Baha’is are free to make their own individual decisions regarding medical questions, but in deciding they take into account the Baha’i writings and the guidance of the Universal House of Justice, which has stated:
… advances in medical science have led to the production of effective vaccines, the use of which has freed humanity from many debilitating and deadly infectious diseases. Reports indicate that the coronavirus vaccines currently being developed offer great promise for protecting individuals from, and helping to reduce transmission of, the virus.
The Universal House of Justice has also advised:
In relation to the coronavirus pandemic, (Baha’is) should follow the counsel of medical and other scientific experts on the advisability and efficacy of the various vaccination options that are becoming available and the wisdom of particular public health measures. They should not be concerned merely with their own personal choices and well-being, but in reaching their decisions, they should also consider their social responsibilities and the common good.

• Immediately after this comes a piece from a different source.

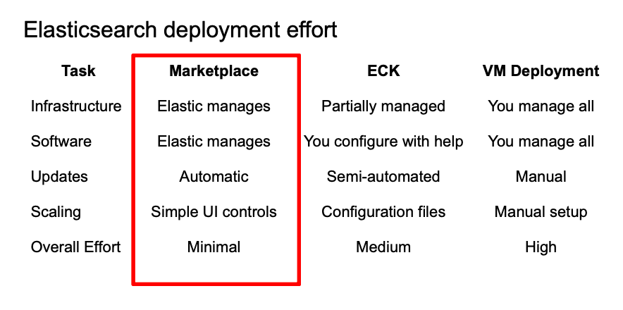 Elastic on AWS Marketplace provides a fully managed search and analytics experience where AWS handles infrastructure provisioning, security, and scaling while developers focus on building search applications. This allows teams to deploy enterprise-grade Elasticsearch clusters in minutes with built-in AWS integrations.
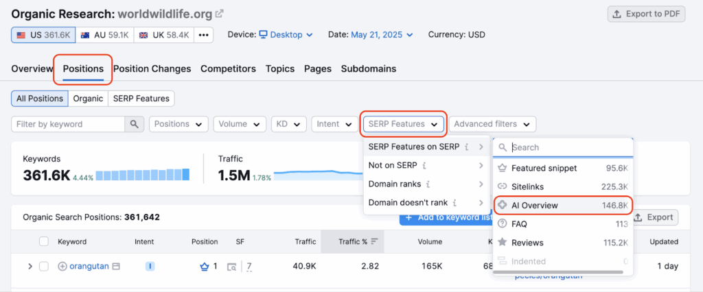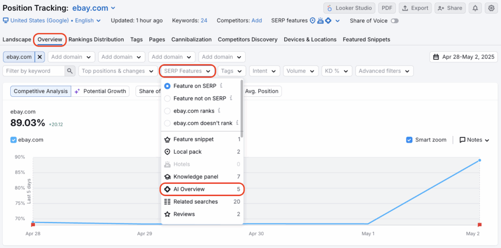 Pro tip: toggle the AI Overview feature filter on and off to see how your rankings look with and without AI panels — a great illustration of their impact.

This means, for Baha’is and all other people who believe in the oneness of humanity, that vaccination is not just a personal decision, but instead represents a public health decision for the collective protection and well-being of the entire human family. The Universal House of Justice cited that exact principle in their message on vaccination:
… the purpose of being vaccinated extends beyond the protection it affords the individual concerned; namely, that when a large enough proportion of the population is vaccinated, the spread of a disease amongst them is retarded, thereby protecting those who – for whatever reason – are unable to be vaccinated.
Coronavirus is a world-encircling pandemic. All countries and peoples are affected, as the virus is no respecter of national borders, but each country is affected differently depending on how peoples and governments respond to safety measures. Given the seriousness of the Delta variant and future variants, control of the virus may mean inoculating 90% of the world’s population; an undertaking that will ultimately require the cooperation of both world leaders and world citizens.